Monday, Jun. 08, 1931

Tornado v. Train

On time out of Fargo, N. Dak. one stormy afternoon last week pulled the Empire Builder, Great Northern Railway's crack Seattle-to-Chicago limited train. It flashed across the State line, roared through Moorhead, Minn., headed for St. Paul across the prairie at 50 m.p.h. At the throttle was Engineer B. E. McKee. Behind him in the string of eleven Pullmans were 119 passengers, reading, napping, playing bridge. Beyond Moorhead, Engineer McKee eyed the sky apprehensively. It was turning black, blacker. It was shot through with greenish-yellow light. Wind clouds bellied down to earth. Without hearing its far-off rumble, he knew a tornado was near, jerked his throttle wide-open to outrace it. Out of the murk it came, an infernal funnel of dust and cloud, spinning along toward his train across the prairie.

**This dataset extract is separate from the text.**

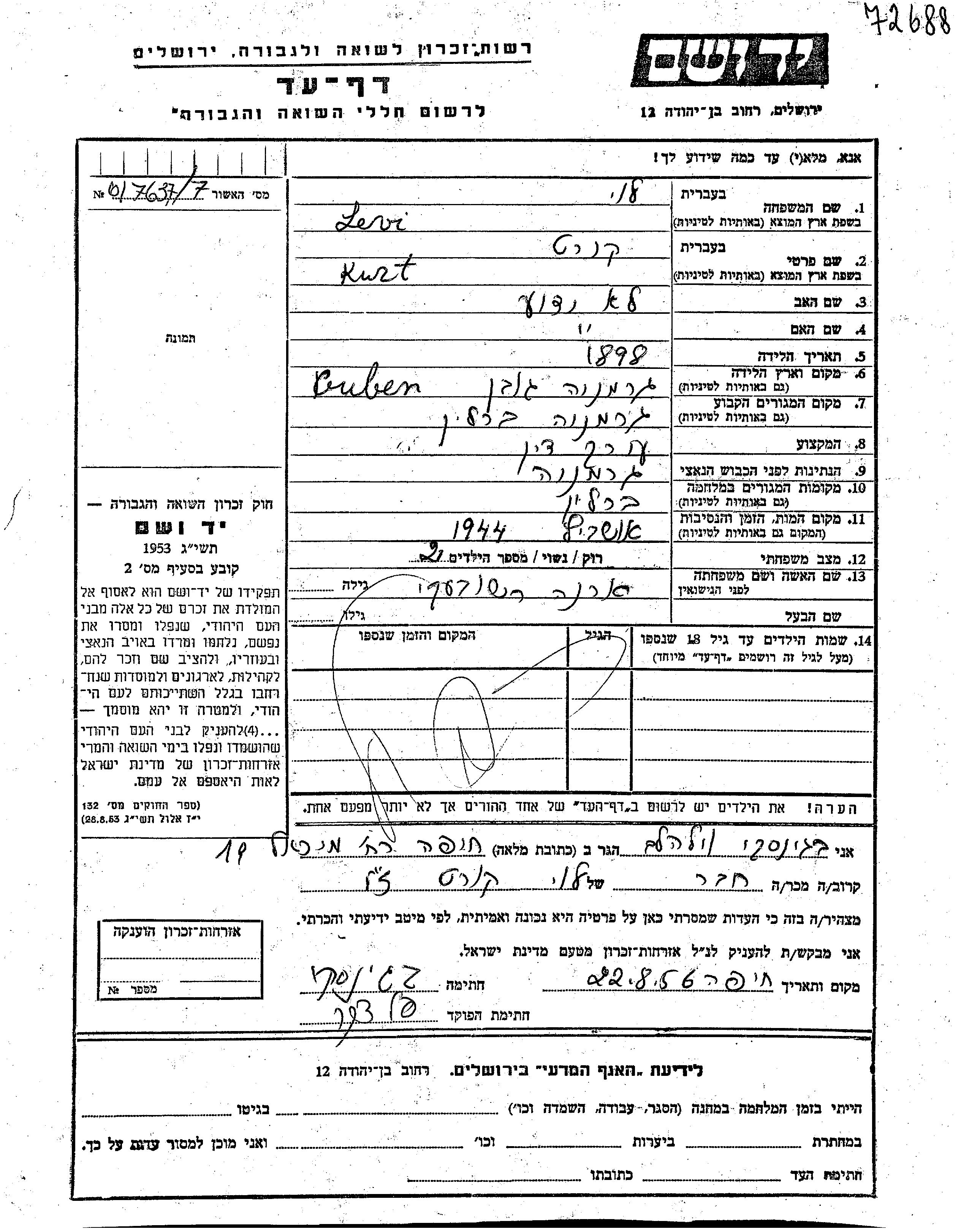 Kurt Levi wurde im Jahr 1898 in Guben, Deutsches Reich geboren. Er war Rechtsanwalt/rechtsanwältin und mit Erna, geb. Rashovski Verheiratet. Vor dem Zweiten Weltkrieg lebte er in Berlin, Deutsches Reich. Während des Krieges war er in Berlin, Deutsches Reich.

The twister struck the Empire Builder broadside just behind the tender. The baggage car coupling snapped like thread. The vacuum sucked coach after coach up from the track, lifted them like a giant's playthings through the air, flopped them down on their sides along the right-of-way. As the storm swirled away eastward, torrents of rain fell upon a wreck unique in U. S. railroading.

Rescuers pried their way into the over-toppled steel cars, released the bruised and bloodied passengers. One man was killed, a score injured. Unhurt in his cab was Engineer McKee whose 77-ton locomotive alone had held the rails.